Question –
Let $a, b, c$ be non-negative real numbers. Prove that
$$
a^{2} \sqrt{b^{2}-b c+c^{2}}+b^{2} \sqrt{c^{2}-c a+a^{2}}+c^{2} \sqrt{a^{2}-a b+b^{2}} \leq a^{3}+b^{3}+c^{3}
$$
my doubt –
author writes
Applying AM-GM inequality, we have
$\sum_{c y c} a^{2} \sqrt{b^{2}-b c+c^{2}}=a \sqrt{a^{2}\left(b^{2}-b c+c^{2}\right)} \leq \frac{1}{2} \sum_{c y c} a\left(a^{2}+b^{2}+c^{2}-b c\right)$
but how we can apply am-gm if there is negative term inside ??? can someone clear this step that how they apply am-gm and got this result..
thankyou
Best Answer
@User88463: For example, look at the term $a^2\sqrt{b^2-bc+c^2}=a\sqrt{a^2(b^2-bc+c^2)}$. Then you simply apply AM-GM to the term $\sqrt{a^2(b^2-bc+c^2)}$: In particular, since you have $2$ non-negative terms, which are $a^2 $ and $b^2-bc+c^2$ respectively, by applying AM-GM to these $2$ terms, you will obtain: $$\frac{a^2+(b^2-bc+c^2)}{2} \ge \sqrt{a^2(b^2-bc+c^2)} \iff \sqrt{a^2(b^2-bc+c^2)} \le \frac{a^2+(b^2-bc+c^2)}{2} $$
Which is simply your AM-GM with $2$ variables.

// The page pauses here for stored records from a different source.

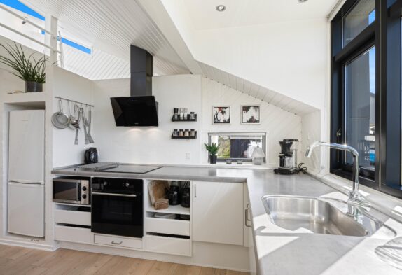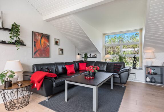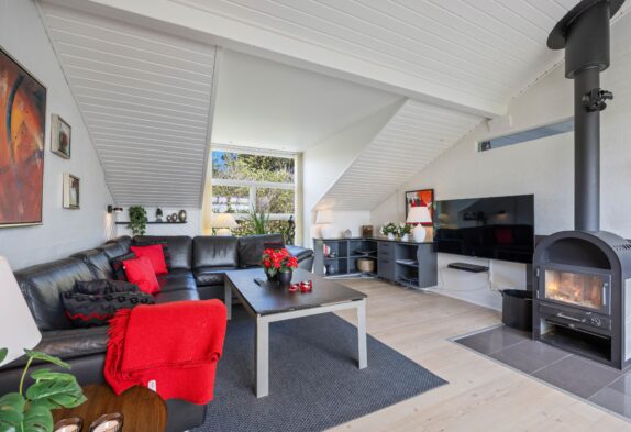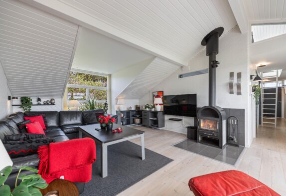 Fordi at vinduerne sørger for et godt lysindfald, samt alle lofter og vægge er hvide, er her derfor meget lyst og rart. Huset tilbyder også en hyggelig hems, hvor I kan hygge med en god bog eller bare nyde det fantastiske lysindfald som ovenlysvinduet giver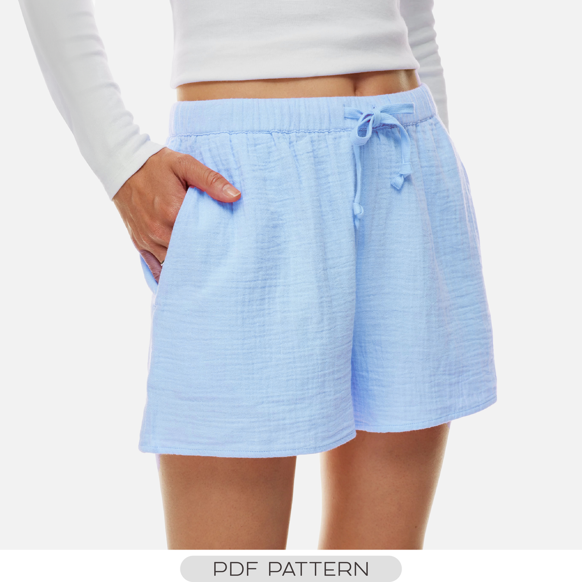Shorts pattern for women. This design has mid rise fit, side pockets, elastic waistband with drawstring detail and wide leg cut. Great pattern to make casual everyday short or lounge/pajama bottoms. To get best results you use non stretch medium to lightweight woven fabric.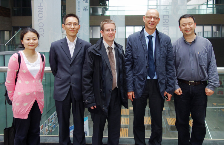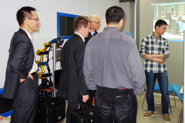 COUTELIER教授等参观了虚拟现实技术工程平台、嵌入式视频监控平台及脑认知与智能系统试验平台,并和平台研究人员进行了交流。随后,双方在305会议室进行了会谈,并表达了在已有框架协议的基础上,切实开展学生互换项目的意愿。
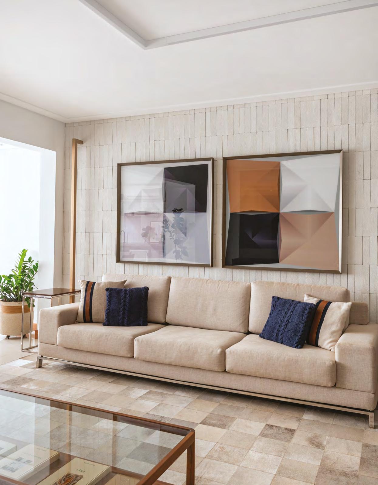Nesta, o living com móveis contemporâneos complementados pelas decorações e quadros em tons sóbrios. O revestimento brick cimentício da Gauss na parede finaliza o ambiente, que é integrado à varanda. Na página anterior, o hall do elevador foi personalizado com paredes em azul escuro, banco, quadro e arandelas com luz quente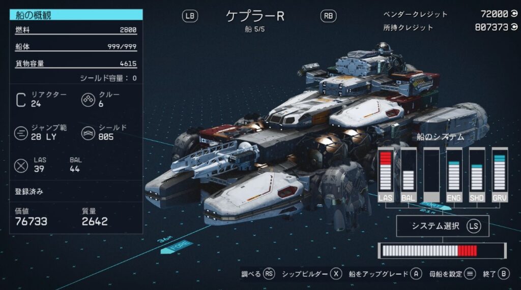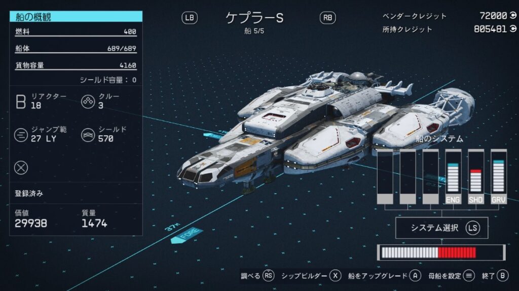 ミッション「複雑すぎる設計」はクリアの報酬としてCランク宇宙船ケプラーRがもらえます。武器はやや貧弱ですが貨物容量が4600程度あり、無料で貰える宇宙船としては十分すぎる性能を有していると思います。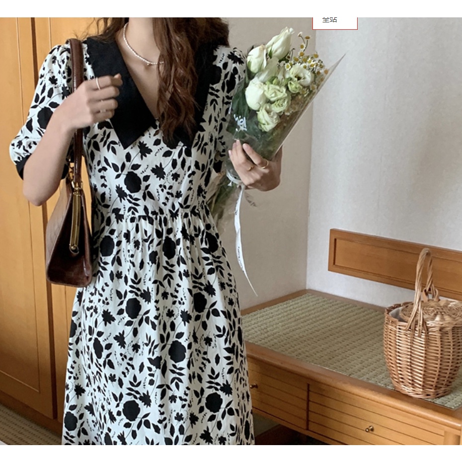 Suxi ชุดเดรสยาว คอวี แขนพอง ลายดอกไม้ สไตล์วินเทจ แฟชั่นฤดูร้อน สําหรับผู้หญิง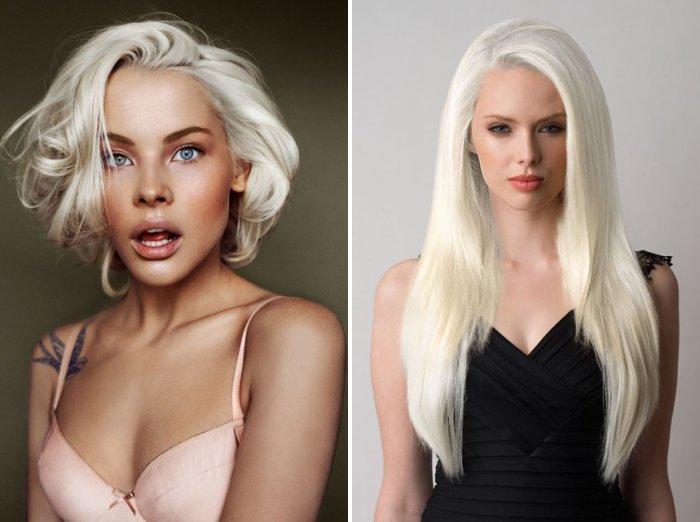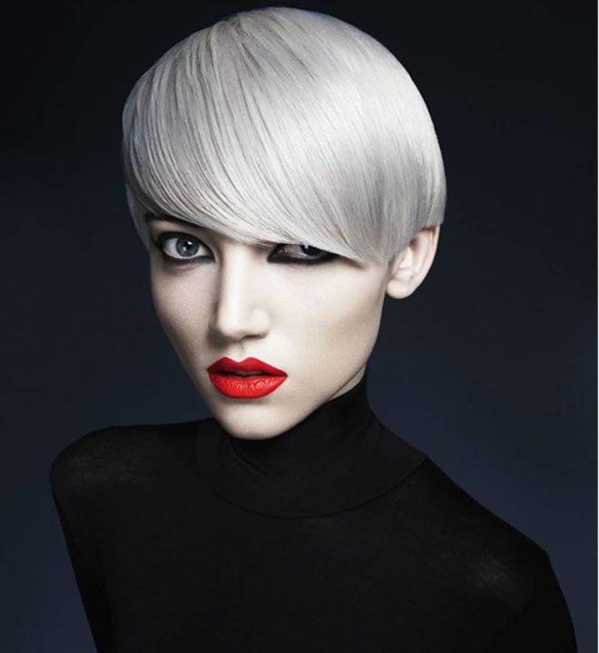 La couleur platine classique est presque blanche. C’est le plus brillant de toute la collection et c’est un choix brillant et audacieux pour toutes les longueurs de cheveux. Il est préférable de choisir une telle nuance pour les jeunes filles et les femmes mûres devraient la contourner.

If you still cannot see it, let $A=a^2$ and $B=b^2-bc+c^2$, so in reality you actually have $\frac{A+B}{2} \ge \sqrt{AB}$. Multiplying by $a$ on both sides of your inequality, you will obtain: $$a\sqrt{a^2(b^2-bc+c^2)} \le \frac{a(a^2+b^2+c^2-bc)}{2} $$
Thus: $$\sum_{cyc} a^{2} \sqrt{b^{2}-b c+c^{2}}=\sum_{cyc}a \sqrt{a^{2}\left(b^{2}-b c+c^{2}\right)} \le \frac{1}{2} \sum_{cyc} a\left(a^{2}+b^{2}+c^{2}-b c\right)$$